Hartford Courant
Dave Altimari
A grainy photograph from 1964 shows a collar-wearing Rev. Daniel McSheffery receiving his badge from Hartford’s city manager and fire chief – the young priest towering over the city officials appointing him fire chaplain.
It was the beginning of the ascendancy of Hartford-born McSheffery: over the next eight years he became head administrator of the local Catholic school and the archdiocese’s first-ever pastor-associate. In time, he grew so close to city and state officials that in 1972 the city declared a “Daniel McSheffery Day.” More than 600 people turned out for a dinner honoring him at the Valle’s steakhouse where the keynote speaker was state Attorney General Robert Killian.
But by 2005, McSheffery was sitting at a table in a nondescript Florida office, his eyes avoiding a video camera fixed on him. During that lawsuit deposition, he was confronted with a long list of individuals who accused the church’s former rising star of sexually assaulting them when they were children.
He was asked whether he had assaulted each accuser. Over 35 minutes, McSheffery declined to answer 56 times, citing his Fifth Amendment rights against answering even basic questions like where he was born. When attorney Joel Faxon asked him pointed questions about accusations of raping young boys in church rectories and school offices, McSheffery avoided eye contact, removed his glasses, rubbed his eyes and shrunk his 6-foot-4 body deeper into his chair.
Last week the Archdiocese of Hartford released a list of priests who had been “credibly accused” of molesting children and revealed it had paid $50.6 million to settle lawsuits. It said there was one priest who had 20 claims settled against him for nearly $11 million.
While the archdiocese did not identify that priest, The Courant has determined through court records and interviews with attorneys that it is McSheffery. The 20 claims making him the second-most sued in Connecticut history, just shy of the 21 claims made against former priest Raymond Pcolka from the Bridgeport Diocese.
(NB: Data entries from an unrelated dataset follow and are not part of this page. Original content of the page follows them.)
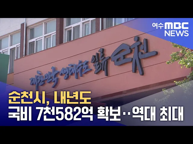 순천시가 내년도 국비 7천582억 원을 확보해역대 최대 규모를 달성했습니다.이는 올해보다 560억 원, 8% 증가한 것으로 주요 신규 사업으로는K-디즈니 인재 양성 거점기관과강소형 스마트시티 조성,순천만 일원 기후대응 도시숲 조성 등입니다.특히, 교통 인프라 분야에서경전선 전철화 사업비가 1천722억 원으로 대폭 증액...
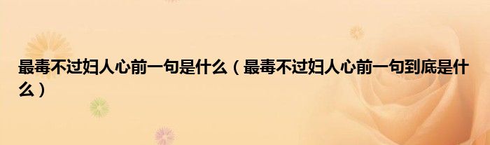 最毒不过妇人心前一句是什么(最毒不过妇人心前一句到底是什么)
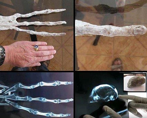 Рентген "руки" показал, что каждый из 3-х пальцев имеет 6 костей, в то время как человеческая рука имеет 3. Исследователи определили, что это явно не рука человека, но состоит из костей и кожи. Они были не в состоянии определить, что это на самом деле такое.
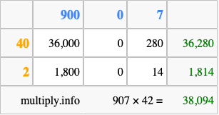 That's all there is to it! As you can see from the box above, the answer to 907 times 42 using the box method is 38,094.
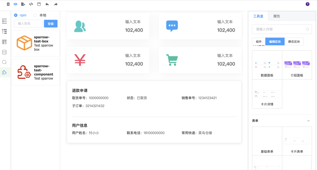 Sparrow 是一套场景化低代码搭建页面的工作台,通过预置组件简单拖拉拽就能快速搭建页面,制作完毕后即可在线调试即时体验,实时修改,页面效果所见即所得,并且支持生成源代码。
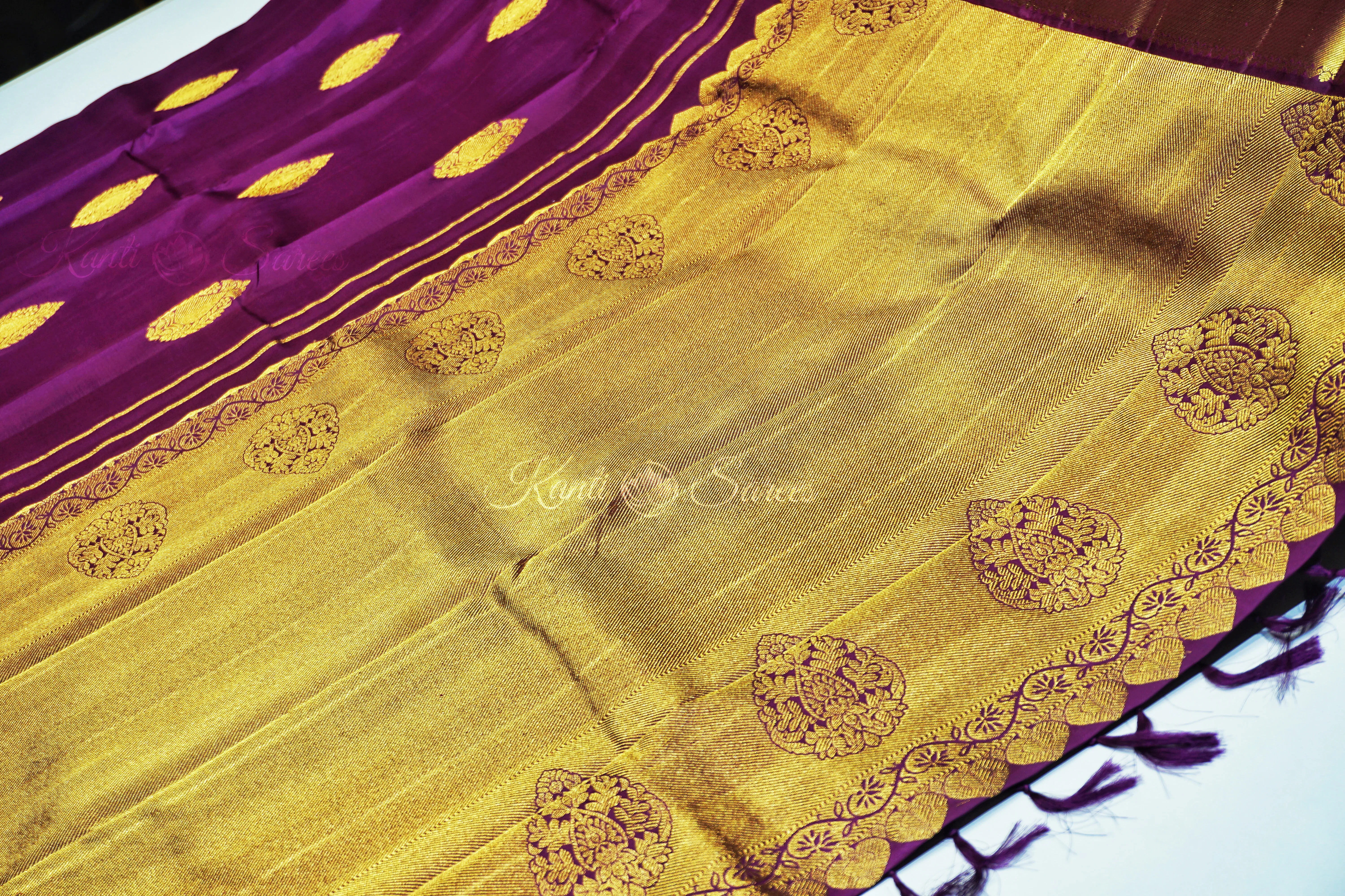 ✔ Woven with pure gold zari
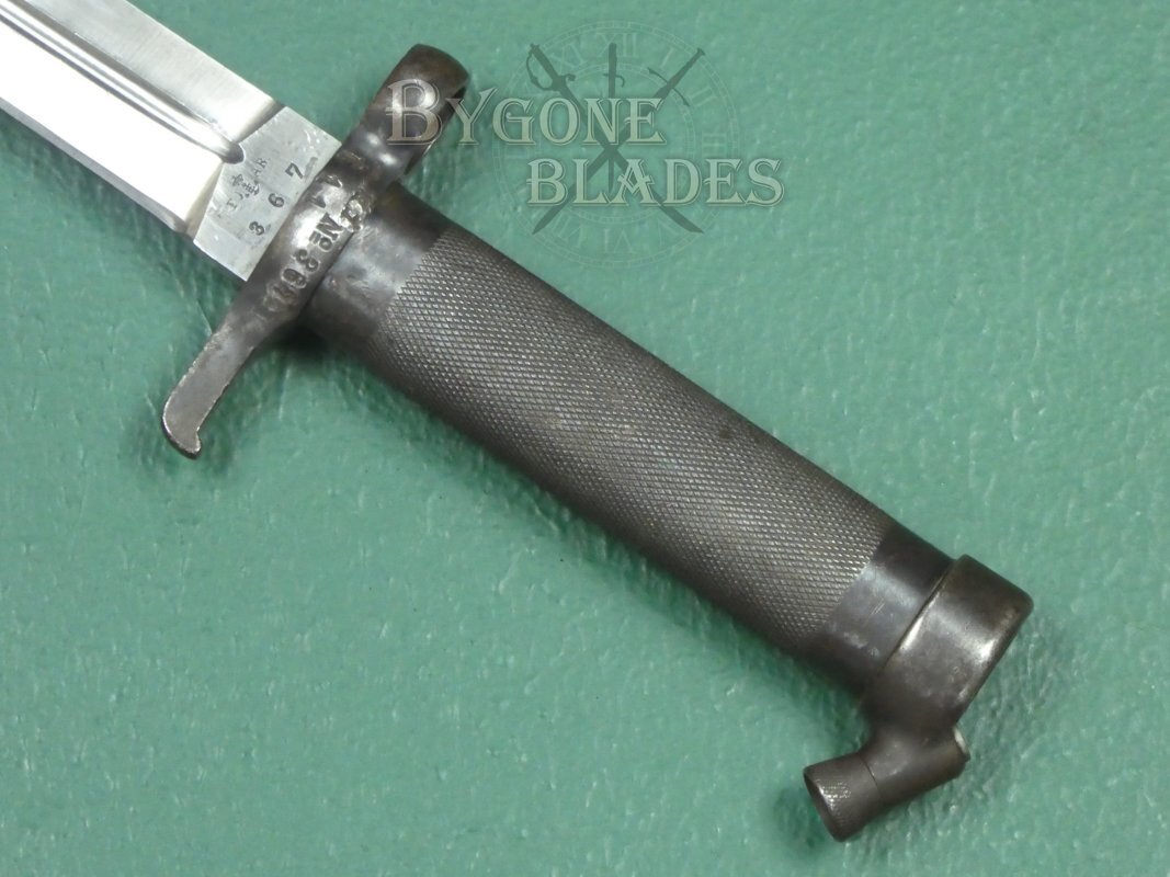 The ricasso bears the makers anchored logo above the serial number “367”. The obverse has a crowned inspection stamp.

When the lawsuits began piling up, the church removed McSheffery from ministry and he moved to Florida in 2002. Neither the Vatican nor the archdiocese, which declined to comment on McSheffery, took more drastic action against the priest. He was not laicized, which would have removed his status as a member of the clergy, or sentenced to a life a of “prayer and penance.” The distinction means the church continued paying McSheffery a stipend and health benefits.
McSheffery died in Florida in 2014, but he left a devastating legacy.
“He was probably the most cunning, deceitful, sickest, sociopathic monster ever to wear a Roman Catholic collar in Connecticut,” New Haven attorney Thomas McNamara said.